* TASK DIRECTIONS
Please reproduce the data exactly and omit the pictures.

* SUPPLIED INFORMATION
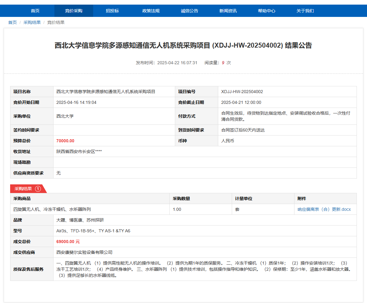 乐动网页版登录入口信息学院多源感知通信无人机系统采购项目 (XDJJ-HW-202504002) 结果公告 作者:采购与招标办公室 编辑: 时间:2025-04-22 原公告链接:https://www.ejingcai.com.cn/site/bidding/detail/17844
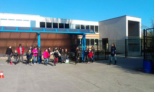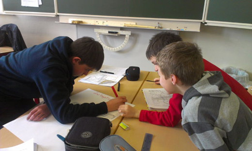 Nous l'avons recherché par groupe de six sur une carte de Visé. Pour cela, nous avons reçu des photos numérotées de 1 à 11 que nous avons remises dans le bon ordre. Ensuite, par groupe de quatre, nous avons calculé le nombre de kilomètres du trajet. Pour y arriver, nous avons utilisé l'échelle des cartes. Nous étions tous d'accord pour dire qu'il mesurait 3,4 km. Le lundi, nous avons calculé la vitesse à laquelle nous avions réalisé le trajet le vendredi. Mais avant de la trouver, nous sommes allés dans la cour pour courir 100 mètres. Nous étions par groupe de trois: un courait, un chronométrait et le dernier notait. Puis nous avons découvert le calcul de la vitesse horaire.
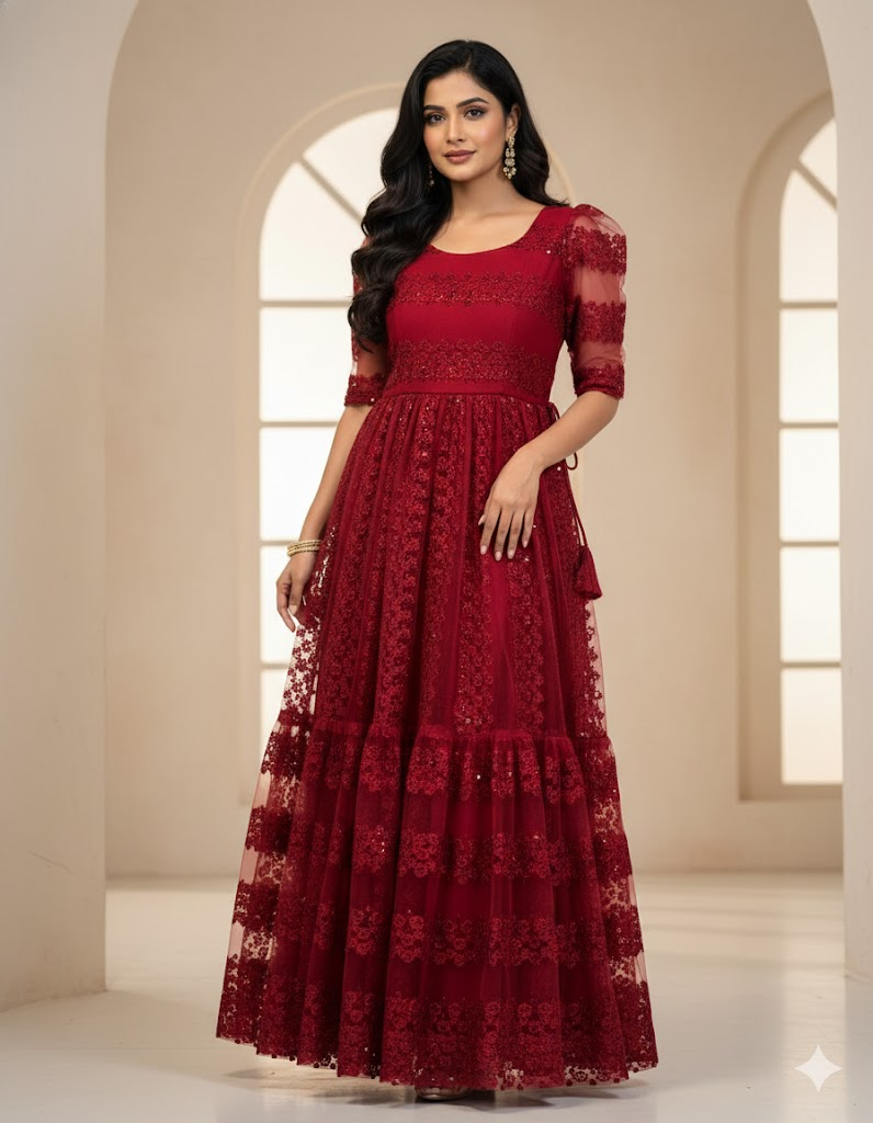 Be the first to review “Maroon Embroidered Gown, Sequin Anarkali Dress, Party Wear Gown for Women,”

* OUTPUT BELOW
 乐动网页版登录入口信息学院多源感知通信无人机系统采购项目 (XDJJ-HW-202504002) 结果公告 作者:采购与招标办公室 编辑: 时间:2025-04-22 原公告链接:https://www.ejingcai.com.cn/site/bidding/detail/17844
 Nous l'avons recherché par groupe de six sur une carte de Visé. Pour cela, nous avons reçu des photos numérotées de 1 à 11 que nous avons remises dans le bon ordre. Ensuite, par groupe de quatre, nous avons calculé le nombre de kilomètres du trajet. Pour y arriver, nous avons utilisé l'échelle des cartes. Nous étions tous d'accord pour dire qu'il mesurait 3,4 km. Le lundi, nous avons calculé la vitesse à laquelle nous avions réalisé le trajet le vendredi. Mais avant de la trouver, nous sommes allés dans la cour pour courir 100 mètres. Nous étions par groupe de trois: un courait, un chronométrait et le dernier notait. Puis nous avons découvert le calcul de la vitesse horaire.
 Be the first to review “Maroon Embroidered Gown, Sequin Anarkali Dress, Party Wear Gown for Women,”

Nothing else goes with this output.